Three Ridges of views (final)

I was the earliest wakeup, but everyone else on the ridge was already out of the camp when I left. Pledge antics ran until about midnight, cheers, rap music singalongs, et cetera. Yawn.

Yesterday, as I was clearing out and moving my tent to the farthest point I could, one of them asked me if I was a Greek during my time at U. Va. "No," I replied, "I was a grad student."

All their expressions went flat -- easily read. "Egad, he's one of the Enemy!"

After I had gathered and moved all of my camping gear to the other side of the ridge and just before sundown, a small flock of women walked past and headed down toward the campground. Sister sorority? Hope they enjoyed all the male attention they must have received, at whatever level ... not good role models, I think, for guys or for girls.

Anyhow. Southbound and up this morning into the clouds wrapping the 3975 foot Three Ridges Summit (aka Bee Mountain).

On the way up I met another hiker moving at about my speed Classifying hikers is pretty easy when you know the signs: 30s/40s, tall, heavy in the middle, good gear, well fitted out pack. Classification: experienced hiker out for exercise/ recovery from health issue. Turned out to be dealing with diabetes, does his own checks and insulin shots on the trail -- I spoke admiringly of his efforts to fight the disease.

He acknowledged that it was a tough one, then grinned and said, "My trail name is Fuji Snail. You know Mount Fuji, in Japan?"

I allowed that I still have some plans for that hill someday.

"There's a Japanese philosopher's saying: a snail may climb Fuji slowly, but the snail still climbs."

We parted at the second vista, where he stopped to do the tests and injections needed to control his blood sugar while looking out over a hundred miles of tiny towns and farms and feeling the wind gusts trying to snatch your hat or handkerchief.

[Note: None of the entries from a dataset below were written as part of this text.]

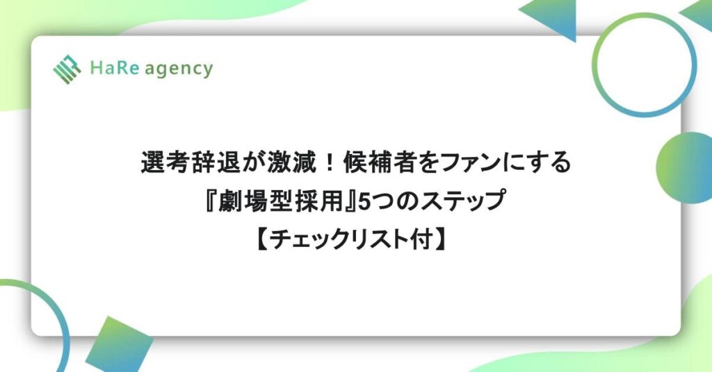 選考辞退が激減!候補者をファンにする『劇場型採用』5つのステップ【チェックリスト付】
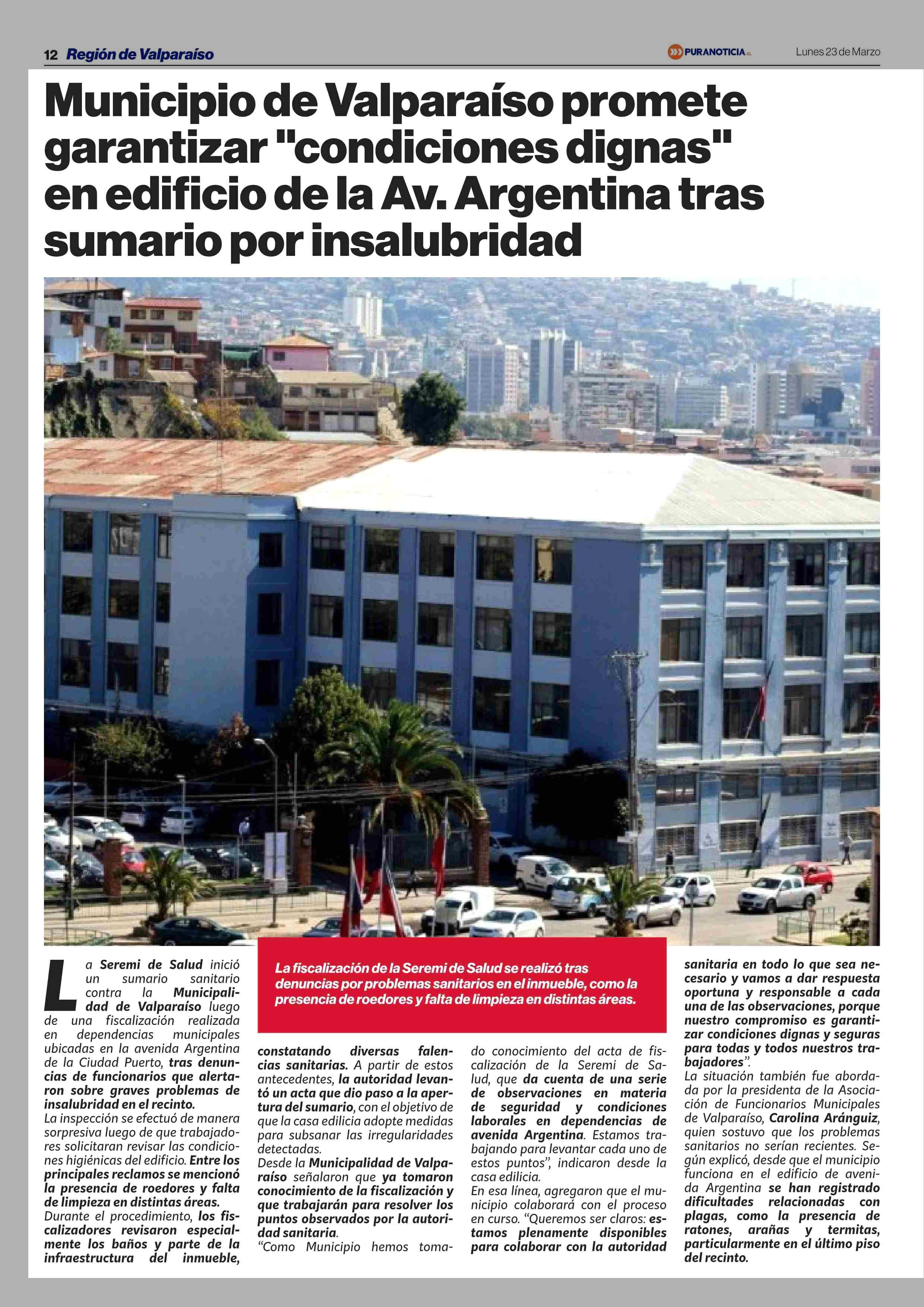 Municipio de Valparaíso promete garantizar "condiciones dignas” en edificio de la Av. Argentina tras sumario por insalubridad 23-03-2026 Puranoticia.cl |
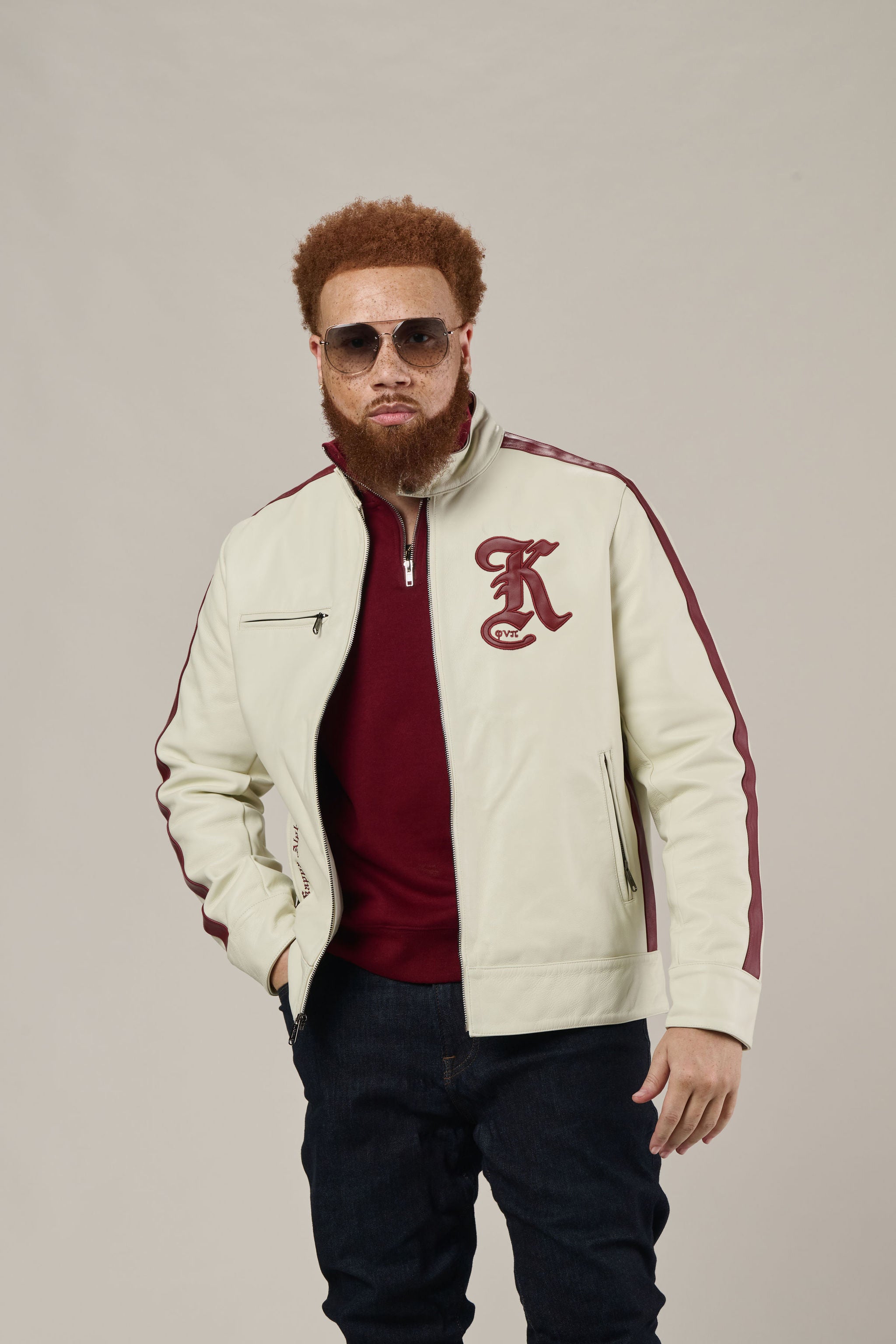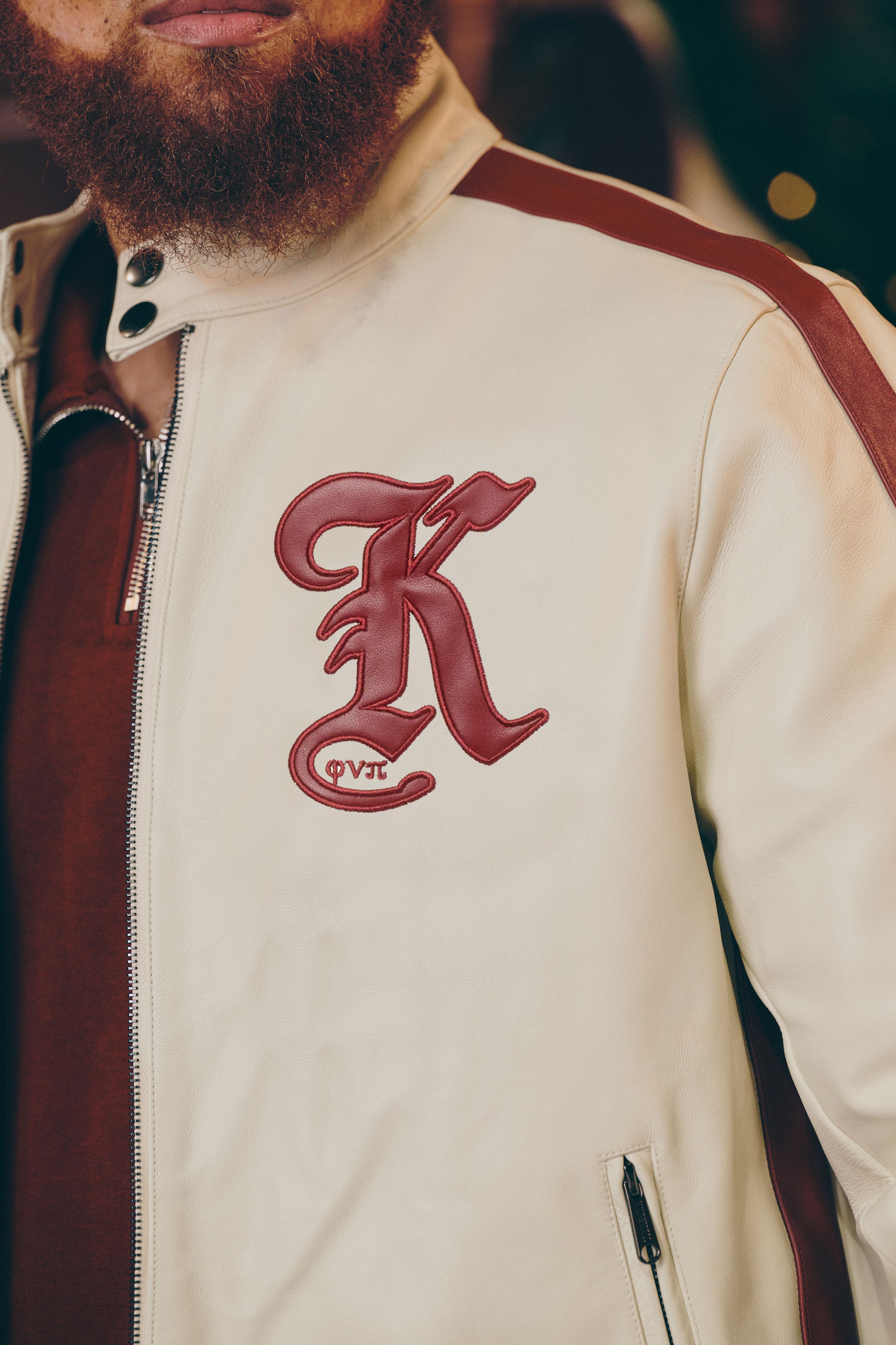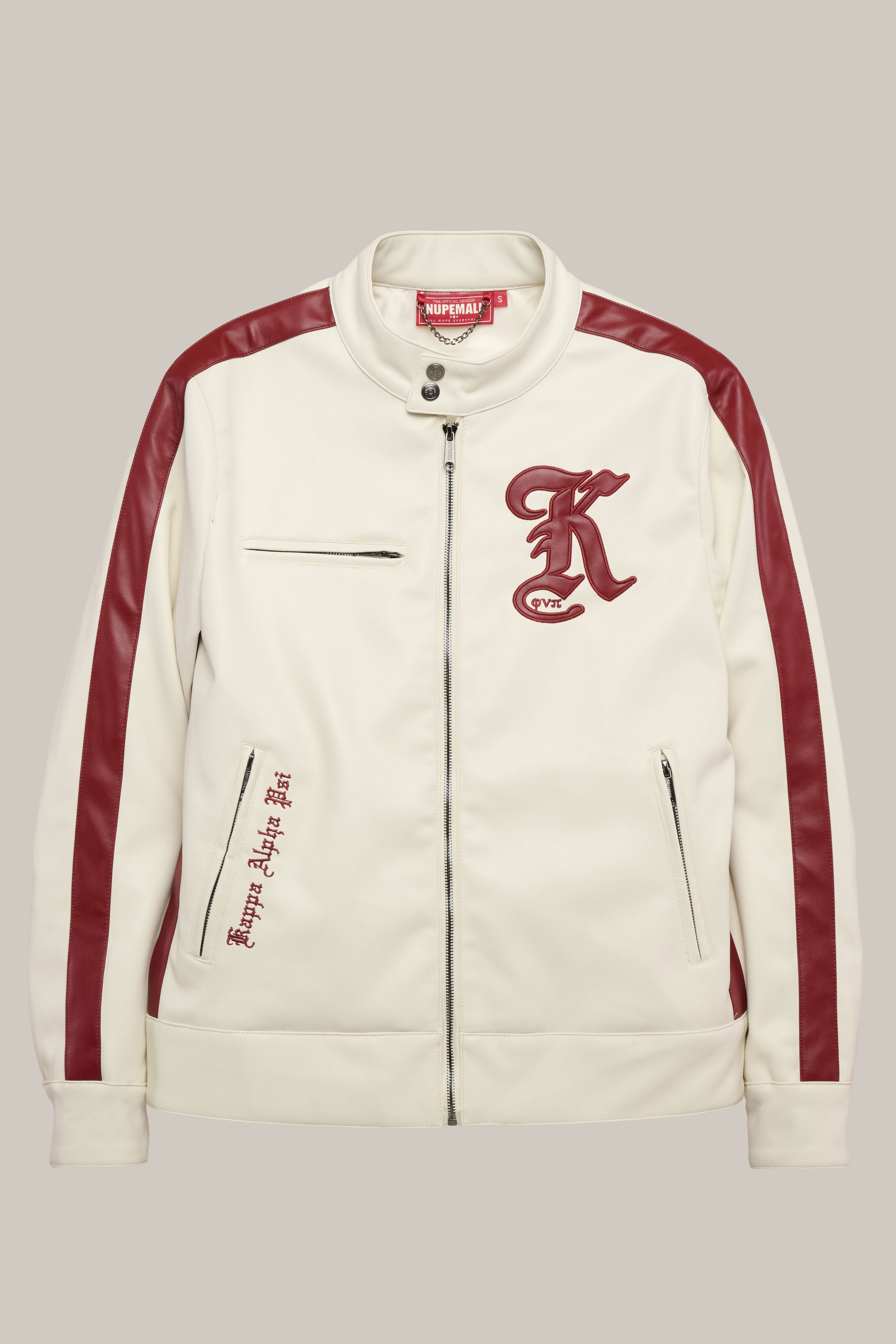 An Old English “K” applique anchors the left chest, while dynamic racing stripes along the sleeves and sides bring movement and energy to the design. Functional front zipper pockets are embroidered with Kappa Alpha Psi along the right side for a clean, elevated detail. The moto mock neck with custom snap buttons completes the silhouette with an authentic racing feel.
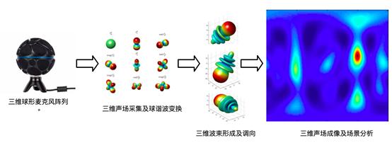 Sugr自主研发了独有的创新三维球形麦克风阵列、三维球形谐波计算、三维球形波束成形和三维声场建模技术。这是一种基于三维阵列波束形成器及高阶三维环绕声场编码分析取得全局最优解的降噪方案。该优化设计方法将业内现有的各种相关设计方法纳入一个统一的框架,具有更大的灵活性,且可以克服其他方法视角有限、定位精度不足、系统鲁棒性薄弱、不易量产,无法判定讲话人的缺点。
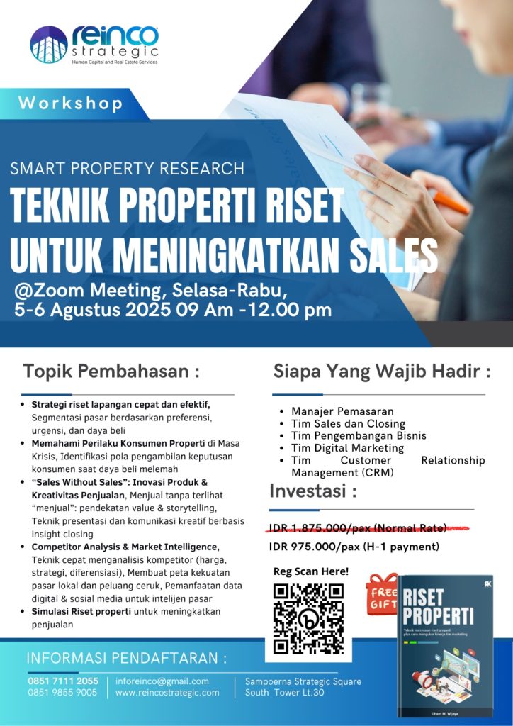 Event Information Price Rp975,000.00 per participant Location Zoom Meeting Start Time 9:00 am August 5, 2025 Finish Time 12:00 pm August 6, 2025 Capacity Limited to 25 people Share: Previous Event HBU Study Masterclass : Strategi Peningkatan Nilai Lahan Dengan HBU Next Event Feasibility Mastery: Studi Kelayakan Proyek Ritel Komersial yang Tepat Sasaran
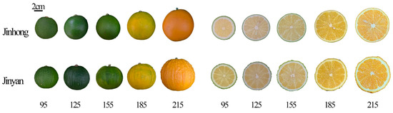 The physical indices were measured at all experimental intervals for ‘Jinhong’ and ‘Jinyan’ fruits from 95 DAF (immature stage) to 215 DAF (fully ripened stage) (Figure 1). Visually, ‘Jinhong’ fruits had smooth peels, whereas ‘Jinyan’ fruits developed multiple longitudinally irregularly arranged ridge-like protrusions; the peel color of both cultivars turned uniformly orange during ripening (Figure 1). At 95 DAF, ‘Jinyan’ had a significantly lower b* (yellow–blue) value and lower CCI but a significantly higher a* (red–green) value than ‘Jinhong’ did (Figure 1B–D). This trend continued at 185 DAF, as ‘Jinyan’ remained redder (higher a* value) than ‘Jinhong’ did. In the other stages, the differences in peel color were not significant (Figure 1A–D).
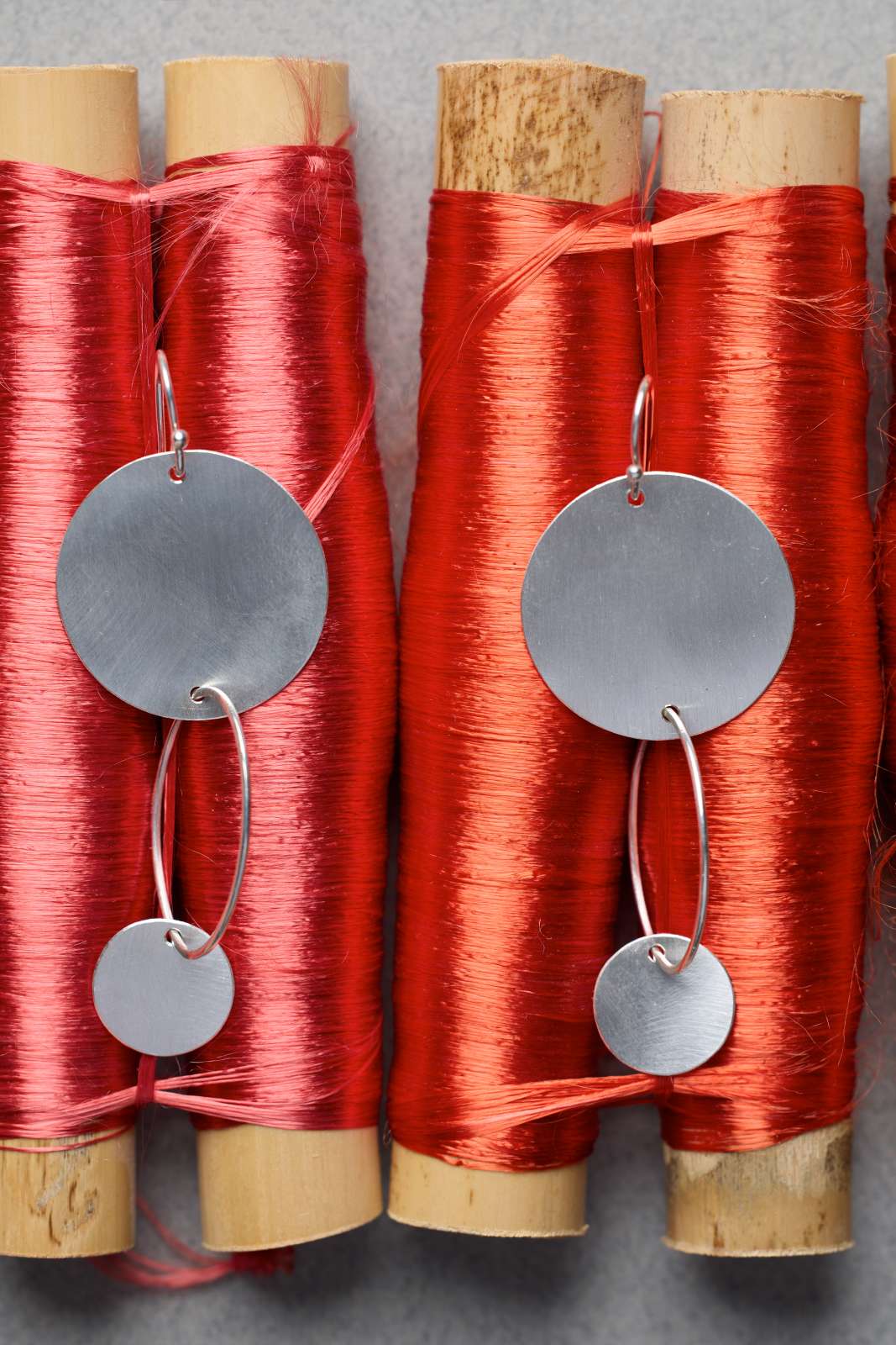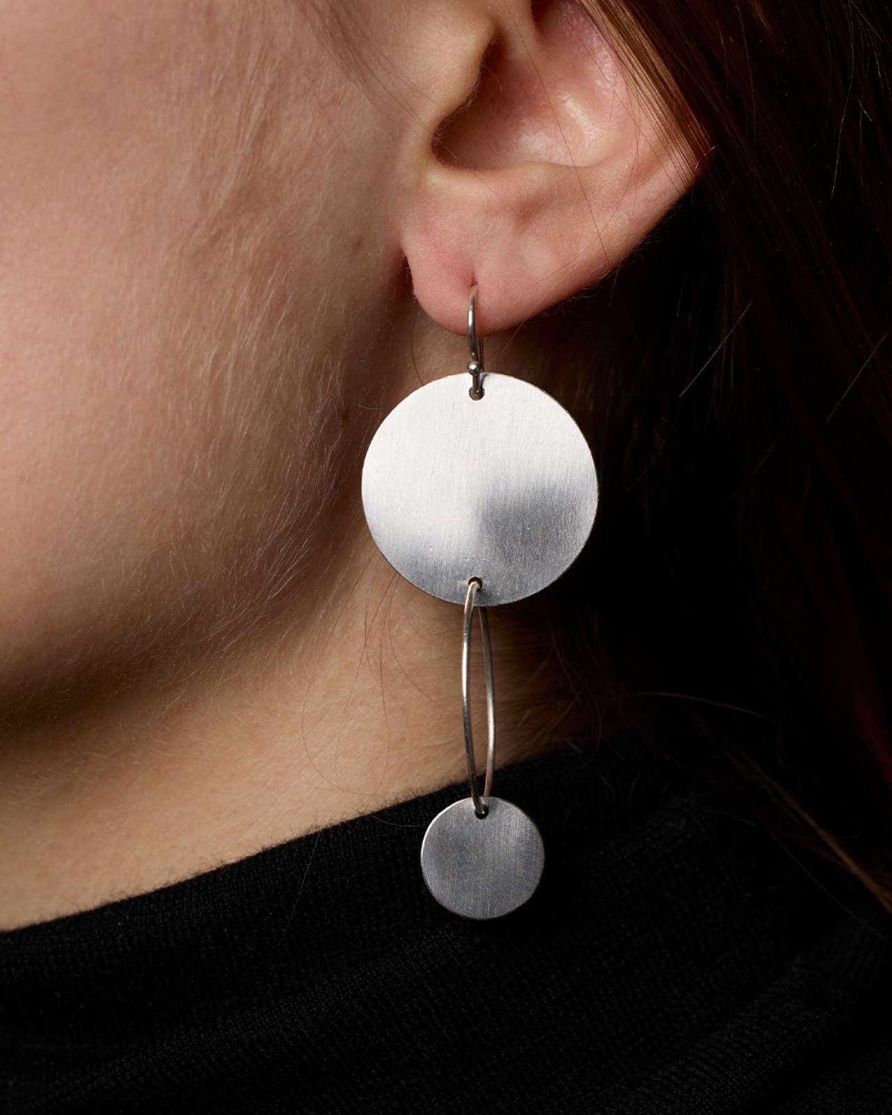 Our Maxi Cosmo earrings feature two flat hoops in satin-finished sheet silver, joined by an oval wire.

At the summit, deep into clouds. Great views of their insides! But, like humans, pretty much the same as everyone else´s.

Then, down through boulder river and rock scrambles.

While descending, I met a small group laboring up the slope. Classification keys: light athletic shoes, no packs, no warmth layers, maybe one in two carrying a small water bottle. Classification: rescue team customers.

The lead RTC greeted me by asking how long it had been since I left the summit. "About 45 minutes," I replied, "but that was going down. Going up took about two hours on the other side, and this is a lot harder."

After casting other aspersions of doubt and fear on their intent, I wished them a good day on the trail, and continued on. Hike your own hike, folks, I'm hiking mine.

Across  the valley, The 4000+ foot Priest towered over the lesser hills collected around its massive sides. Already climbed that trail last year, entered a ¨confession¨ in the shelter log at the summit to prove it.

Over a thousand feet below-- the Tye River Valley. The Ion is there, unmolested, ready to take me to an ice cream store tomorrow. Keys are in my pocket? Check.

I again had to argue myself out of trying to skip a planned stop and just trudge on to make sure that the Ion was all right. Stopping was a good choice! Harpers Creek is another hidden idyll, a cheerfully babbling stream running down a deeply forested valley, with the ridges I had just walked towering over the trees along an arc stretching from NNW to SSE.  

High winds, a burst of rain that had me racing to get the tent set up, and a sudden drop in temperature all herald a return to normal February weather. Time to fold the tent and get out of the mountains.